The first opens with a mysterious traveling salesman of alchemical supplies arriving in Boston in 1713 to seek out the founder of the Massachusetts Bay Colony Institute of Technologickal (sic) Arts, Daniel Waterhouse. A small boy named Ben Franklin guides him to the door of the Puritan scientist, whose father had been a close associate of Oliver Cromwell during the English Civil War. Dr. Waterhouse is needed back in London to settle a dispute between his Cambridge University roommate Sir Isaac Newton and his longtime friend, the noted German polymath Baron Gottfried Wilhelm von Liebniz, over which one of them was the first to invent calculus. On his voyage back to London, Waterhouse's ship is pursued by the pirate fleet of Edward "Blackbeard" Teach. Flashbacks from Waterhouse's younger days feature the great plague year of 1665, the great fire of London and the founding of the Royal Society--and that is just in the first 150 pages.
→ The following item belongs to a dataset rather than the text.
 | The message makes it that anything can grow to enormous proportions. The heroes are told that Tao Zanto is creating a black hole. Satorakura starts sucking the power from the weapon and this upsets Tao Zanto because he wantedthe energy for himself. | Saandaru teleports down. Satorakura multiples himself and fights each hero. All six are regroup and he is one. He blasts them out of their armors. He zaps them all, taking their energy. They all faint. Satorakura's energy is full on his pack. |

The second section, "King of the Vagabonds," concerns the adventures of Half-Cocked Jack Shaftoe, who goes from a childhood in which he and brother earn their keep by swinging from the legs of men on the gallows in the London suburb of Tyburn to hasten their demise, to stealing an ostrich and a harem girl from the Turkish camp at the breaking of the siege of Vienna. Nicknamed for the results of an unfortunate accident with a cauterizing iron suffered while being treated for syphilis, Shaftoe is slowing going mad. One of the weirdest and most entertaining scenes in the book--which has a pretty high overall standard for entertaining weirdness--is his hallucination of dancing nuns, singing galley slaves and lascivious fishwives performing a movie-musical production number in the streets of Paris that would turn Busby Berkeley green with shock and envy.
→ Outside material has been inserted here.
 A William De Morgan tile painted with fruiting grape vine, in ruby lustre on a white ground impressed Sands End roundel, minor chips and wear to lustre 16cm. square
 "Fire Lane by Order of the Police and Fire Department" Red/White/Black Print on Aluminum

The third section is largely devoted to the adventures of the aforementioned harem girl, Eliza, who wanders Europe with Jack, settling in Amsterdam for a time and becoming moderately well-to-do as an early stock trader before becoming William of Orange's spy at the court of the Sun King, Louis XIV of France. Much of this part is told through coded letters between Eliza and Liebniz, which are intercepted and read by agents of both kings.

As packed with plot threads as the book is, Quicksilver is also a learned discourse on the evolution of alchemy and astrology into modern science and mathematics, and the birth of banking, stock markets and modern capitalism.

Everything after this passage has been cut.